Your little one is on the move! About two to four weeks before delivery, your baby will begin “dropping” into your lower pelvis (also called lightening or engagement). This will take some pressure off your internal organs, allowing you to breathe easier.
Your little one’s new position might lead to pelvic discomfort and abdominal pressure. You might notice a little spotting after sex, but you shouldn’t worry—this is probably a result of your sensitive, enlarged cervix. (Call your doctor if you’re bleeding heavily, though, since this could indicate a placental problem).
Around week 37 or 38, most women “lose their mucus plug.” In other words, there's a ball tissue that’s been blocking your cervix to protect Baby from germs. It gets released about two weeks before labor, and it manifests as a thick pink or blood-tinged discharge.

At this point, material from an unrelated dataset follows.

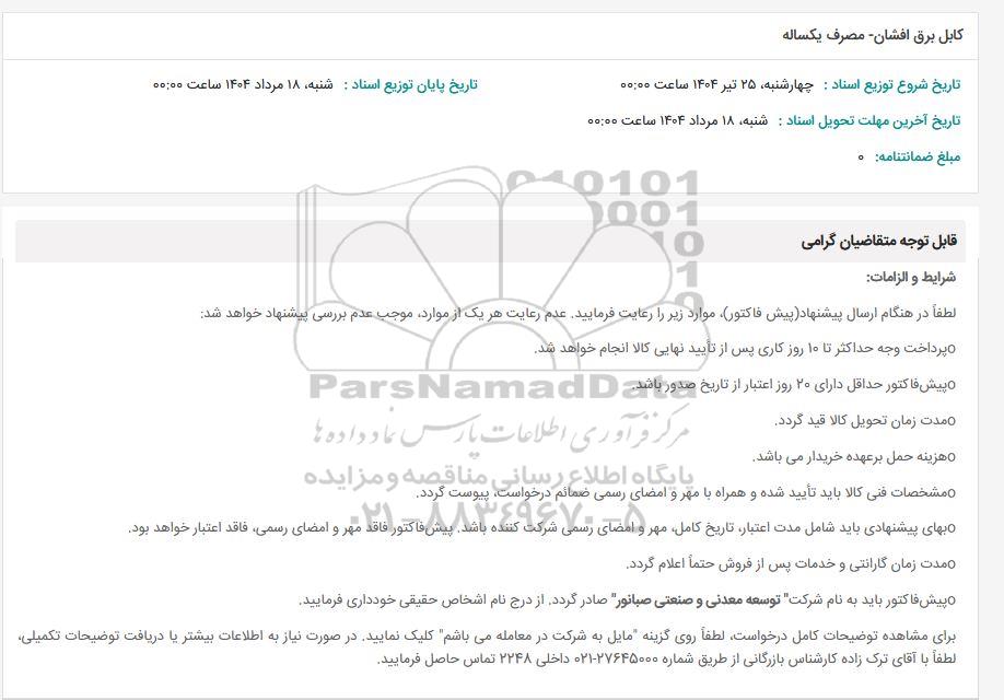 | عنوان آگهی: استعلام کابل برق افشان مصرف یکساله |

If your water breaks, you’ll notice a wetness down your leg. Other early signs of labor include regular contractions, pelvic pressure, dull back pain, and a feeling of restlessness. Early labor tends to last for hours; many doctors recommend heading to the hospital when contractions come every five minutes, last one minute, and continue for an hour (the 5-1-1 rule).
You’ll keep experiencing pregnancy symptoms like insomnia, swelling, frequent urination, and pelvic discomfort until Baby arrives. If you’ve scheduled an induction or C-section, it may happen within the next few days or weeks.
An overdue baby could lead to anxiety and restlessness—but hang in there and watch for signs of labor. Your little one will be here soon!
Most newborns are born within two weeks of their due date, but if the doctor is concerned, he may recommend inducing labor. In the meantime, watch out for signs of labor!